Within two years, Carlile had graduated to performing Johnny Cash tunes at a nearby theater called the Northwest Grand Ol’ Opry. Then, at age 12, she heard Elton John for the first time. “I completely fell in love,” she says. “I went to the library and checked out a couple Elton John records and an Elton John biography. And that’s what introduced me to Queen and the Beatles. So Elton John was kind of my gateway drug into rock ‘n’ roll.”

As a result, Carlile ditched the twang almost overnight. By 17, she’d taught herself piano and guitar, and she was soon making a living as a singer-songwriter, busking the streets of Seattle and playing at any restaurant, bar, or club that would have her. But it wasn’t until she met “the twins”— bandmates and writing partners Phil and Tim Hanseroth — in the early 2000s that things took off. It’s been a musical kinship that’s since spawned a decade-long career and four critically-acclaimed albums.

So what gave Carlile the itch to suddenly revisit her childhood roots? Maybe it was the fact that she turned 30 while writing and recording Bear Creek, a milestone that hit her a lot harder than she’d ever imagined. “Turns out I’m a cliche,” she admits. But she’s not going quietly into that good night.

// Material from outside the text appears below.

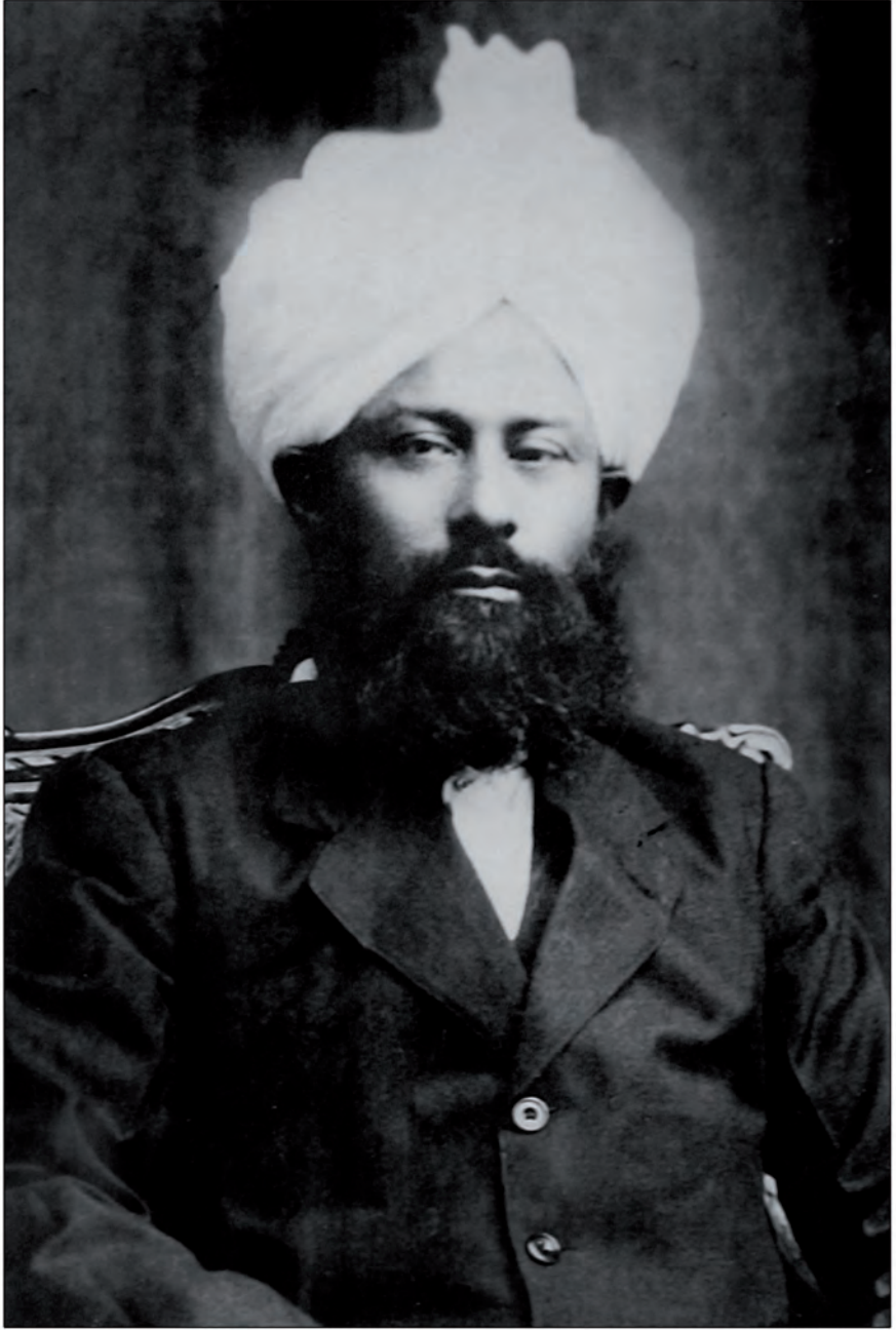
حضرت مرزا بشير الدين محمود احمد خليفة المسيح الثاني رضی اللہ تعالیٰ عنہ

In fact, Carlile has turned to magic to protect her from old age. She has two intertwining snakes — a protective talisman from her favorite movie The Neverending Story — tattooed on her shoulders. “But like Atreyu wears the AURYN [the snake talisman] for protection from The Nothing, I have them for protection from the societal pull toward responsibility and middle-agedness, from the imposition of commerce on art, from the imposition of adulthood on childhood.”

Carlile recently got engaged to her girlfriend Catherine Shepherd. Their wedding is slated for September. Still, she swears they won’t be domesticated any time soon. “I got engaged to a bigger child than me,” she says, laughing. “So I don’t feel like we’re being pulled toward adulthood. If anything, it feels like being pulled more toward childhood.”